When it had finally stopped and Tonks was able to get up, she discovered that that the spells disguising the airlock and observations room had failed and the doors on the far side of the airlock were missing. As indeed was the support pillar, the thick glass and the wall beneath. In their place was something billowing, iridescent, seemingly diaphanous, except that, when a disturbance within caused it to bulge sideways, where it touched, whatever it touched, and rather particularly, most of the wall of the Decontamination suite, vanished.
'And that is our alkahest,' said the Unspeakable, from the floor, bleeding slightly but still game.
'Alkahest? Madam Quatermass,' Tonks rasped, dry throated, feeling that any sort of clue might be useful.
'Universal solvent.'
No. That really hadn't helped. She could now see underneath the thing and she didn't think it was shrinking. 'What's above here?'
'Street beside Saint Mungo's', muttered Nott. 'Left as you face in. Does that look to you as if it's rising? We're not far below ground level. What's supporting . . ..

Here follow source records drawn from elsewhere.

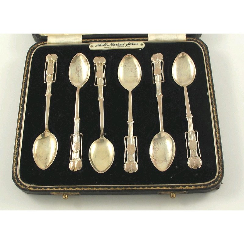 A modern matched set of six teaspoons, with stylized foliate stems, each stamped 'CYMRIC,' two with makers mark of Liberty & Co, four with makers mark L.C&C.Ltd, Birmingham 1902.
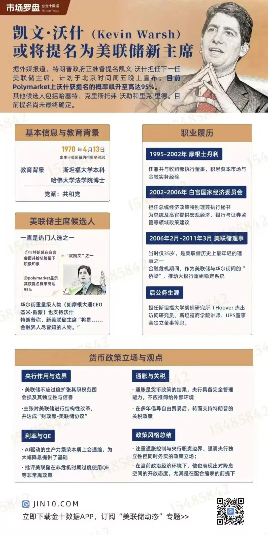 5 . 凯文。沃什(Kevin Warsh)或将提名为美联储新主席。
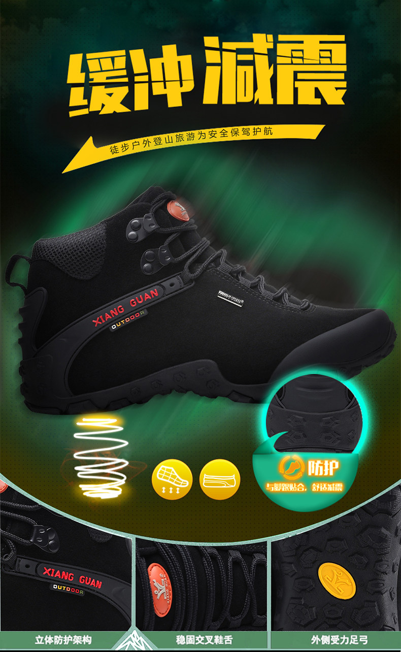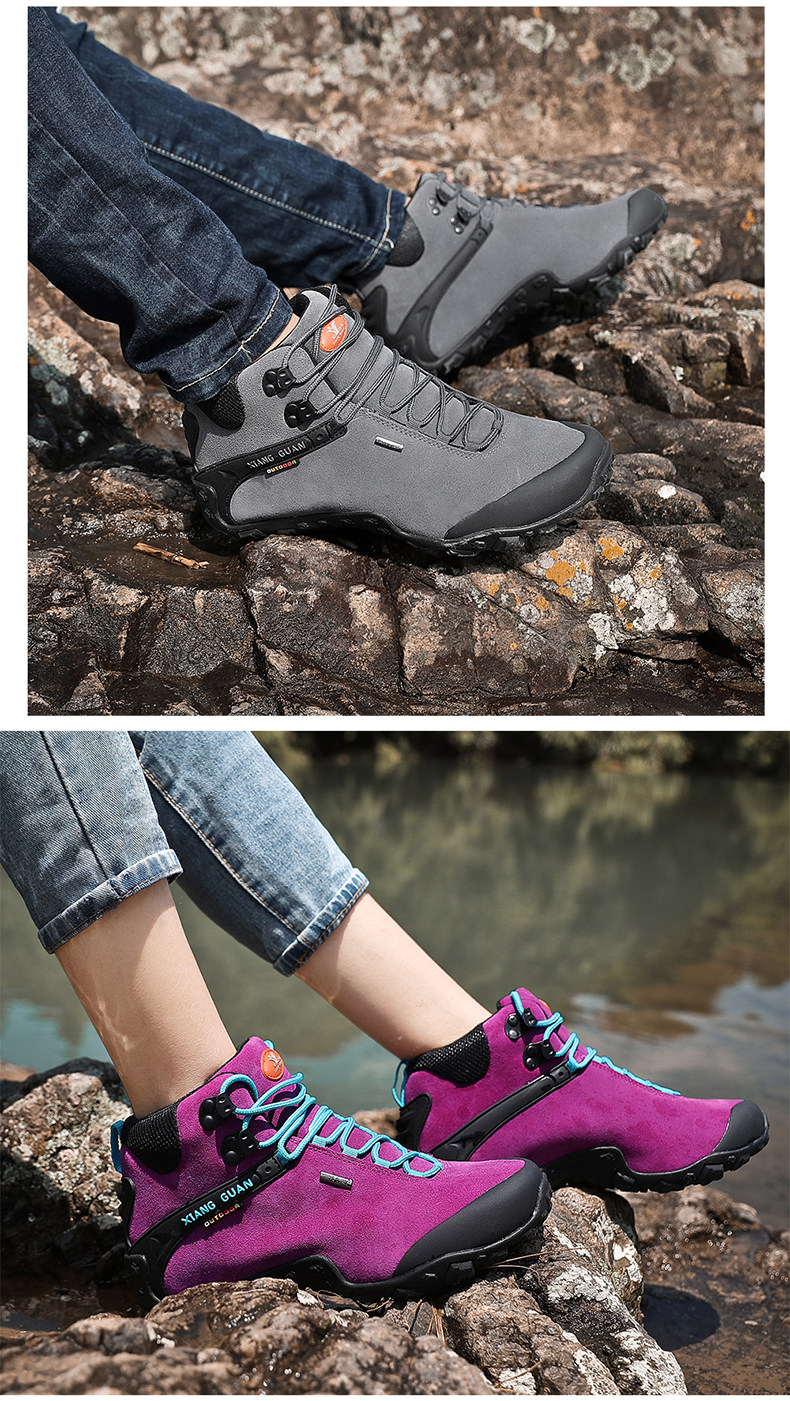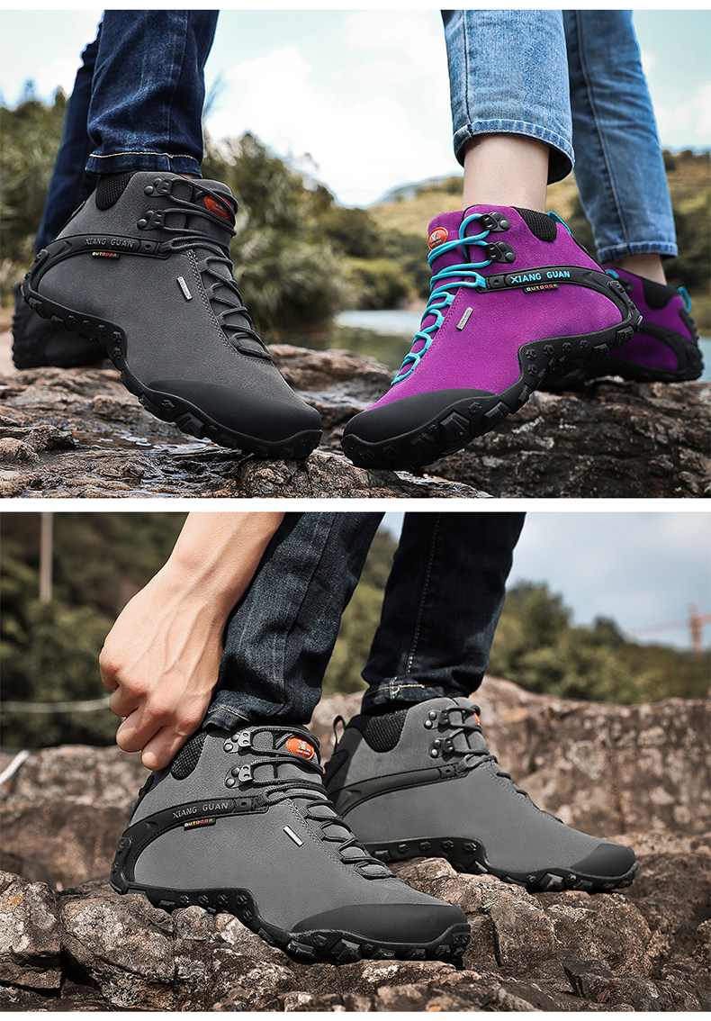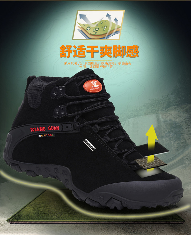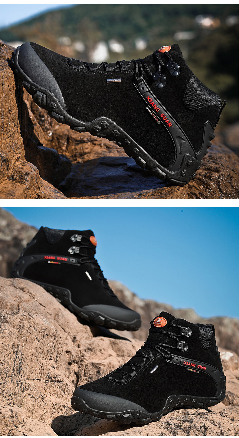 Высокая альпинистская нескользящая износостойкая демисезонная кожаная обувь подходит для пеших прогулок, большой размер

Tonks apparated to the corner of the hospital and, crossing the road, laid down a one way barrier and muggle repelling spell. Racing towards the other end of the street, she pulled her communications mirror from her pocket and began calling in a warning. 'Auror Tonks reporting: Condition red. Breach of Secrecy immanent outside Saint Mungo's.'
No reply. She put the mirror to her ear but not only was there no response; she couldn't hear anything at all from the communications device. It was as if the line were dead. She let the pink hair fade. A flick of her wand and she was wearing the uniform of a police officer. On the street, things still appeared normal.
'Tonks here. Outside Saint Mungo's. Condition red.' Having reached the far end of the street, she placed another barrier/repeller. No obstruction would be visible to muggles leaving but, from the other side, the street would appear to have been blocked off. She turned to find that she had been followed. 'Nott. Get to the Ministry. You know the Auror apparition point? Get help.'
'They won't listen to me.'
'Give them this.' She forced the communications mirror into his hand. 'Ask why it's not working. Go.' Unhappily, Nott went.